Porphyrins are a group of organic compounds, many naturally occurring. One of the best-known porphyrins is heme, the pigment in red blood cells. Heme is a cofactor of the protein hemoglobin. The main “application” of porphyrins is their role in supporting aerobic life. For example, complexes of meso-tetraphenylporphyrin, e.g., the iron(III) chloride complex (TPPFeCl), catalyze a variety of reactions of potential interest in organic synthesis.

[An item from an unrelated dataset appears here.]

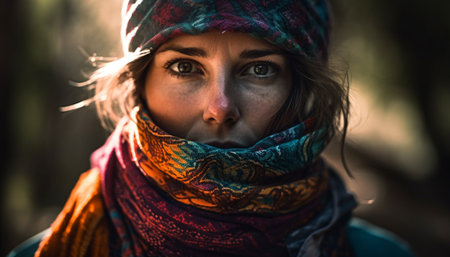 A cheerful young woman with a radiant smile is adorned in a vibrant floral scarf, exuding warmth and positivity. Her bright expression and the colorful scarf create a captivating blend of joy and style, inviting viewers to share in her happiness.

Porphyrins are heterocyclic macrocycles composed of four modified pyrrole subunits interconnected at their α carbon atoms via methine bridges (=CH-). Porphyrins are aromatic, obeying Hückel’s rule for aromaticity, possessing 4n+2 π electrons (n=4 for the shortest cyclic path) delocalized over the macrocycle. Thus, porphyrin macrocycles are highly conjugated systems. As a consequence, they typically have very intense absorption bands in the visible region and may be deeply colored. (The name porphyrin comes from a Greek word for purple. ) The macrocycle has 26 pi electrons in total. The parent porphyrin is porphine, and substituted porphines are called porphyrins.

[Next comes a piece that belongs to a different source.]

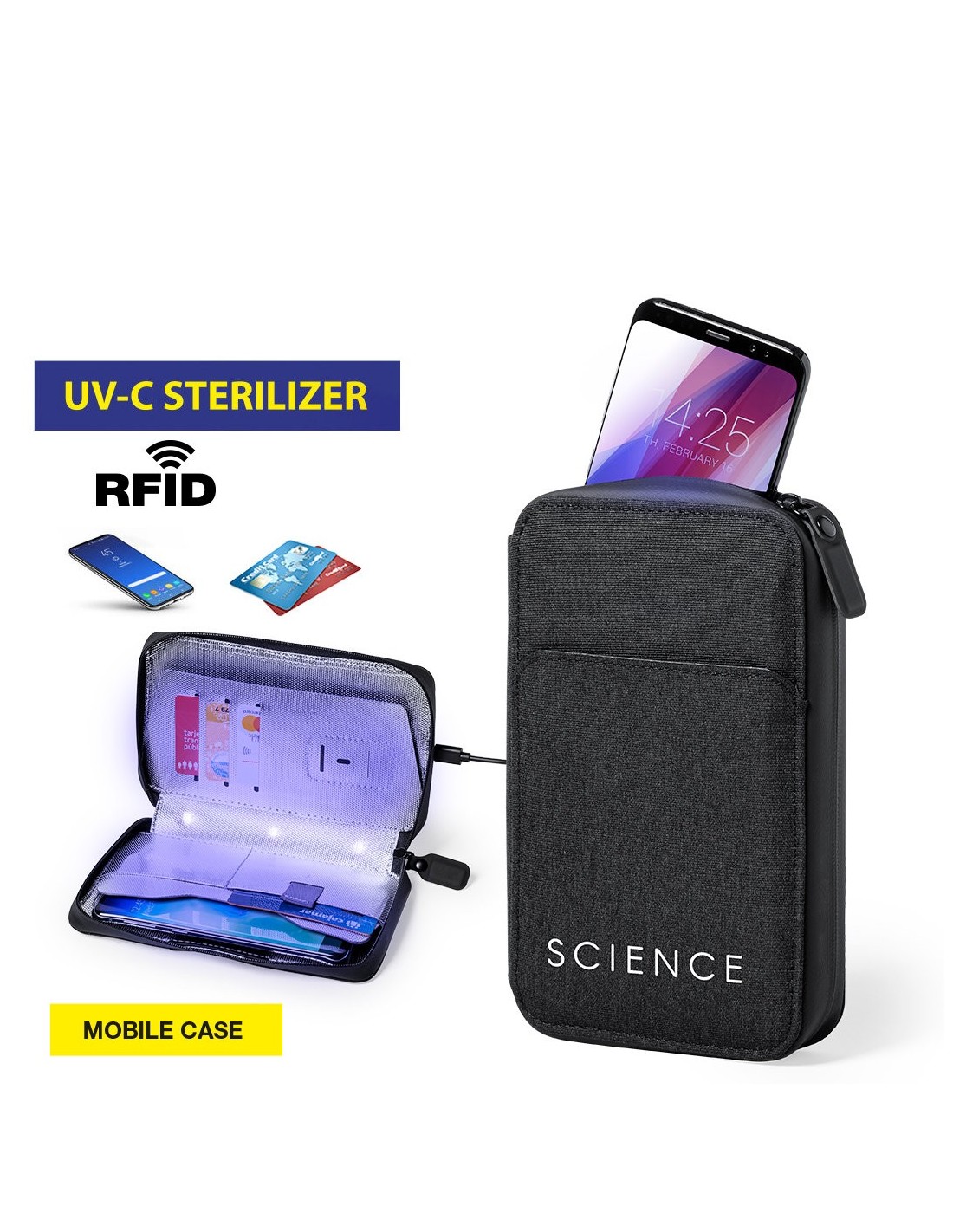 Organizador y esterilizador de luz ultravioleta tipo C, con protección RFID (Identificación por Radio Frecuencia) que mantiene seguros tus dispositivos de transmisión de identidad. Especialmente diseñado para la eliminación de microorganismos y bacterias en smartphones y otros objetos de uso cotidiano. Fabricada en resistente poliéster 600D de acabado denim, con cierre magnético de seguridad en tirador para un uso seguro del dispositivo. Incluye 4 tarjeteros interiores + bolsillo exterior. Presentado en atractiva caja individual de diseño. Potencia LED 1.2W y longitud de onda 275nm. Tiempo de esterilización con función auto-apagado de 1 y 3 minutos. Disponible manual de usuario en español e inglés. Disponible certificación CE, RoHS y de efectividad germicida. Para un uso adecuado del producto, evitar el contacto con la piel y los ojos.

Porphyrins are the conjugate acids of ligands that bind metals to form complexes. The metal ion usually has a charge of 2+ or 3+. A schematic equation for these syntheses is:
H2porphyrin + [MLn]2+ → M(porphyrinate)Ln-4 + 4 L + 2 H+
where M=metal ion and L=a ligand
A porphyrin without a metal ion in its cavity is a free base. Some iron-containing porphyrins are called hemes. Heme-containing proteins, or hemoproteins, are found extensively in nature. Hemoglobin and myoglobin are two O2-binding proteins that contain iron porphyrins. Various cytochromes are also hemoproteins. Several other heterocycles are related to porphyrins. These include corrins, chlorins, bacteriochlorophylls and corphins. Chlorins (2,3-dihydroporphyrin) are more reduced, contain more hydrogen than porphyrins, and feature a pyrroline subunit. This structure occurs in a chlorophyll molecule. Replacement of two of the four pyrrolic subunits with pyrrolinic subunits results in either a bacteriochlorin (as found in some photosynthetic bacteria) or an isobacteriochlorin, depending on the relative positions of the reduced rings. Some porphyrin derivatives follow Hückel’s rule, but most do not.

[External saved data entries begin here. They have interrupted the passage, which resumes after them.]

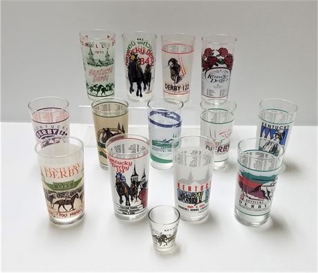 Group of twelve Kentucky Derby glasses; eleven tumblers (5 1/4 inches), one shot glass (2 inches). Tumblers from various years, earliest 1971.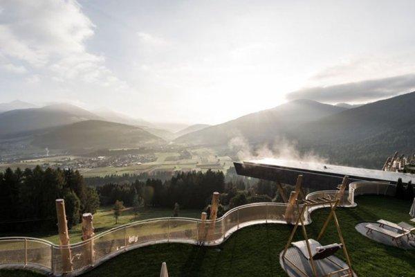 Бассейн с оригинальным дизайном построили рядом с популярным горнолыжным курортом Кронплатц в городе Вальдаора на территории отеля The Hotel Hubertus. 12-метровая конструкция зависла в воздухе на высоте 25 метров.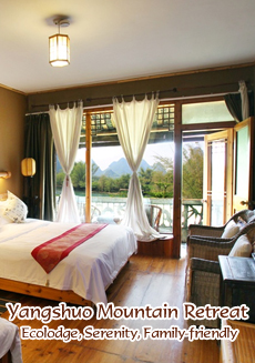 Yangshuo, a world famous fairyland, embraces the most typical karst landscape in the world. A universally recognized saying goes that landscape in Guilin is the best under heaven, yet that in Yangshuo is even more beautiful. Each single peak and each drop of water here are labeled with romance. The water section in Yangshuo is the essence of Li River with poetic scenery; it is hailed as Ten-mile Gallery for mirror-like water, oddly-shaped limestone peaks, simple water buffalos & paddy fields, and fishermen padding their bamboo rafts. Richly endowed by nature, numerous featured boutique hotels & resorts rise in response to the advantaged conditions. In Yangshuo, you can find many outsiders and foreigners, they arrived in Yangshuo, then never gone. Several old buildings or simple new eco-friendly constructed architecture, they can create a unique retreat here. Just return to nature, they combine modern technique with simple home furnishings, traditional hand-made decorations, and employ people from nearby villages, Yangshuo boutique resorts will not let you down and offers you a serene family-like retreat with local hospitality set in the elegant Chinese painting.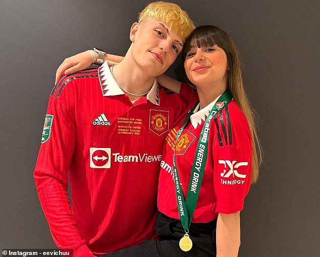 Garnacho posted the message alongside a series of photos with his partner, Eva Garcia, with one photo showing them holding up a Manchester United baby kit with his name on the back.

The “committed step” for porphyrin biosynthesis is the formation of δ-aminolevulinic acid (δ-ALA, 5-ALA or dALA) by the reaction of the amino acid glycine with succinyl-CoA from the citric acid cycle. Two molecules of dALA combine to give porphobilinogen (PBG), which contains a pyrrole ring. Four PBGs are then combined through deamination into hydroxymethyl bilane (HMB), which is hydrolysed to form the circular tetrapyrrole uroporphyrinogen III. This molecule undergoes a number of further modifications. Intermediates are used in different species to form particular substances, but, in humans, the main end-product protoporphyrin IX is combined with iron to form heme. Bile pigments are the breakdown products of heme.